Convergence evaluation of the DPA algorithm

Finally, we randomly selected some sample prediction results produced from our dynamic prediction algorithm and present them in Table 4. As shown in Table 4, most cut-off rates used in the DPA were the same as or close to the real number of functions the “un-annotated” proteins have. It demonstrated that our cut-off rate selection for the predictions was reasonable. It can be seen from the table that most real functions of the “un-annotated” proteins were predicted correctly. It was also noticed that some functions could not be predicted by the DPA method. There might be other factors that affected the prediction accuracy of the algorithm, such as the noises in the dataset and the selection of cut-off rate. These factors will be addressed and investigated in our future work.

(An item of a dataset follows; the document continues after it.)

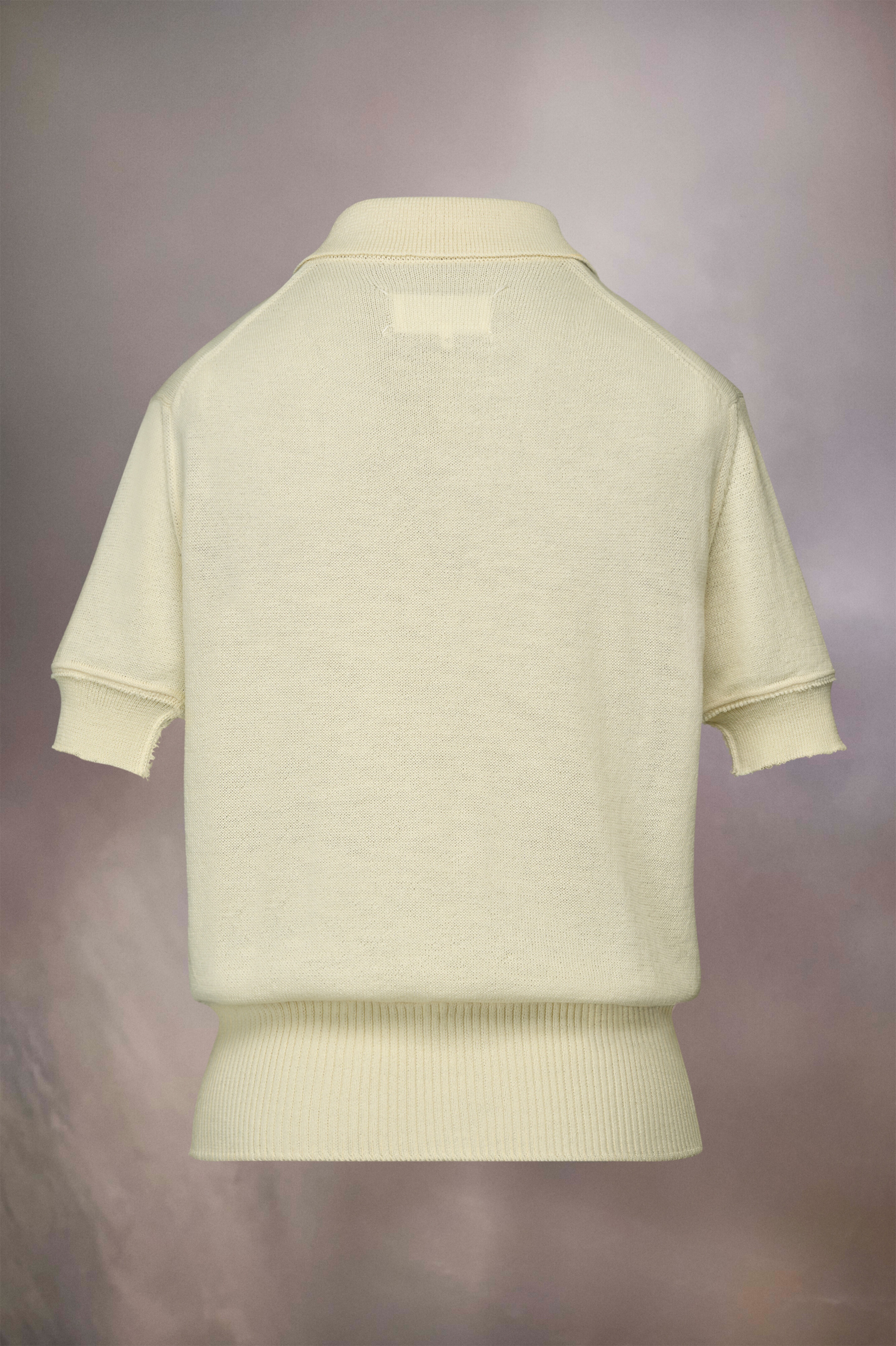 The potato sack knit polo shirt features a classic collar and three buttons with ribbed trims to finish. Maison Margiela's signature, the four stitches, appear at the back; the opposite of a label.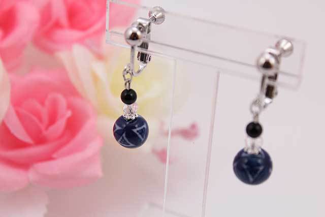 有田焼と天然石のコラボ(Arvo)ピアス(silver925),イヤリング 有田焼呉須七宝+オニキス

Table 4 Randomly selected sample prediction results from the DPA method

4 Conclusions

In this paper, we propose an innovative algorithm to incorporate the semantic association information between proteins for dynamically or iteratively predicting functions of un-annotated proteins. The dynamic prediction procedure of our algorithm reflects dynamic features of protein interactions. Protein semantic similarities derived from protein function similarities guarantee the dynamics of the prediction procedure and the convergence of the algorithm. These two major contributions make our method different from other existing methods. The evaluations on real protein–protein interaction datasets demonstrated the effectiveness of our new method. It is concluded that incorporating semantic protein association information into dynamic prediction can significantly improve the prediction quality.

It was observed from our evaluations on real PPI datasets that the selection of a cut-off rate in the prediction had some impact on the prediction quality. If the cut-off rate was low (i.e. the number of predicted function was small), it may result in some real functions being excluded from the final predicted functions and a low recall value. But if the cut-off rate was too high (i.e. the number of predicted functions was too big), it may result in many unrelated functions being included in the final predicted functions and a low precision. Selecting cut-off rates dynamically to achieve a better balance between the precision and recall of the prediction is a possible way to improve dynamic prediction results. Our evaluations on different PPI datasets from different resources also demonstrated that the data quality varied across different datasets. Choosing reliable protein interactions from a dataset or many datasets to increase the accuracy of predictions is a further challenge. These issues will be addressed in our future work to improve the quality and effectiveness of function prediction.